How to complete this task:
From the entries below, return only the lines starting at the one that contains "我院4月底启动此次赛事,在7" and ending at the one that contains "2000 Reales. 14", exactly as they stand.

Record set:
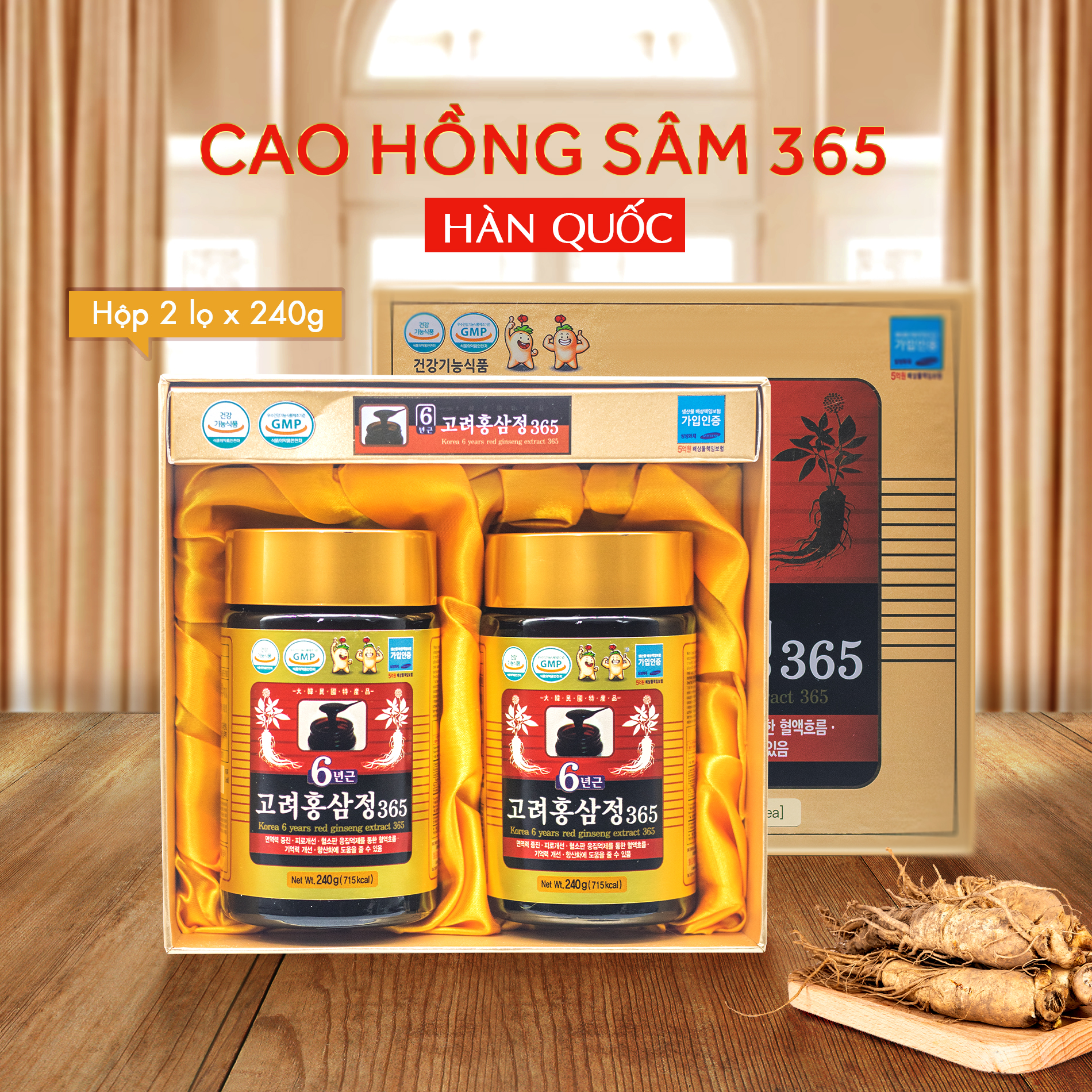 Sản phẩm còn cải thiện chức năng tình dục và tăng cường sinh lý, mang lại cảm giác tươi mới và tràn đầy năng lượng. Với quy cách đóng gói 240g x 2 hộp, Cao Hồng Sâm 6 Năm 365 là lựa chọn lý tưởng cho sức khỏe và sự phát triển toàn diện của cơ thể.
...
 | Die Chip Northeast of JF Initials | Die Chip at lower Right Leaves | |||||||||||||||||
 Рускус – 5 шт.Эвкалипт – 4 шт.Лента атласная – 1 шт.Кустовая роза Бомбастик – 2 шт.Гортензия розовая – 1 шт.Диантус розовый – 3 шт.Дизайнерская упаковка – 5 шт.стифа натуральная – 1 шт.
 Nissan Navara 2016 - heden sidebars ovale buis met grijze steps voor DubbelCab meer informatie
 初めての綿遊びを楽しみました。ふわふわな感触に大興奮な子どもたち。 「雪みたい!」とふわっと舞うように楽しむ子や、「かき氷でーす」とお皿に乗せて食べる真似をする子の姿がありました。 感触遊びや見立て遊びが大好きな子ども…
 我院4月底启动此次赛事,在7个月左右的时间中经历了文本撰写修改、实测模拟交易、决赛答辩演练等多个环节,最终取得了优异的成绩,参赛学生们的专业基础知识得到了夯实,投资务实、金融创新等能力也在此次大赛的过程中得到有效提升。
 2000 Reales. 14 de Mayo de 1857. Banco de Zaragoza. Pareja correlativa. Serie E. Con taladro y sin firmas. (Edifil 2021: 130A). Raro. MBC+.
==
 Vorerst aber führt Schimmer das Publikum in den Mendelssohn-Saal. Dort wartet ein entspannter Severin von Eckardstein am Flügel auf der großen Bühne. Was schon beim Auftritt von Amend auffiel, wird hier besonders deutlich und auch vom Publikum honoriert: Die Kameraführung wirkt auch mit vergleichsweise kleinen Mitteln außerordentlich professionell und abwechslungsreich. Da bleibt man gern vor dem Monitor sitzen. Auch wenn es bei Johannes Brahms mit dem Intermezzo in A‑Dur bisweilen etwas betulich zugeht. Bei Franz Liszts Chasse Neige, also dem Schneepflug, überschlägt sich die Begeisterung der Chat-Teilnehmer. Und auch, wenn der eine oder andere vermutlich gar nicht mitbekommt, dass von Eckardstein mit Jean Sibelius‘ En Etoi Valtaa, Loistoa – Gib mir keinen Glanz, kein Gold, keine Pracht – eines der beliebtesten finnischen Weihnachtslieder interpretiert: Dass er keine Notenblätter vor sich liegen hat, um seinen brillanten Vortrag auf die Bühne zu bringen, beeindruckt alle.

Answer section:
 我院4月底启动此次赛事,在7个月左右的时间中经历了文本撰写修改、实测模拟交易、决赛答辩演练等多个环节,最终取得了优异的成绩,参赛学生们的专业基础知识得到了夯实,投资务实、金融创新等能力也在此次大赛的过程中得到有效提升。
 2000 Reales. 14 de Mayo de 1857. Banco de Zaragoza. Pareja correlativa. Serie E. Con taladro y sin firmas. (Edifil 2021: 130A). Raro. MBC+.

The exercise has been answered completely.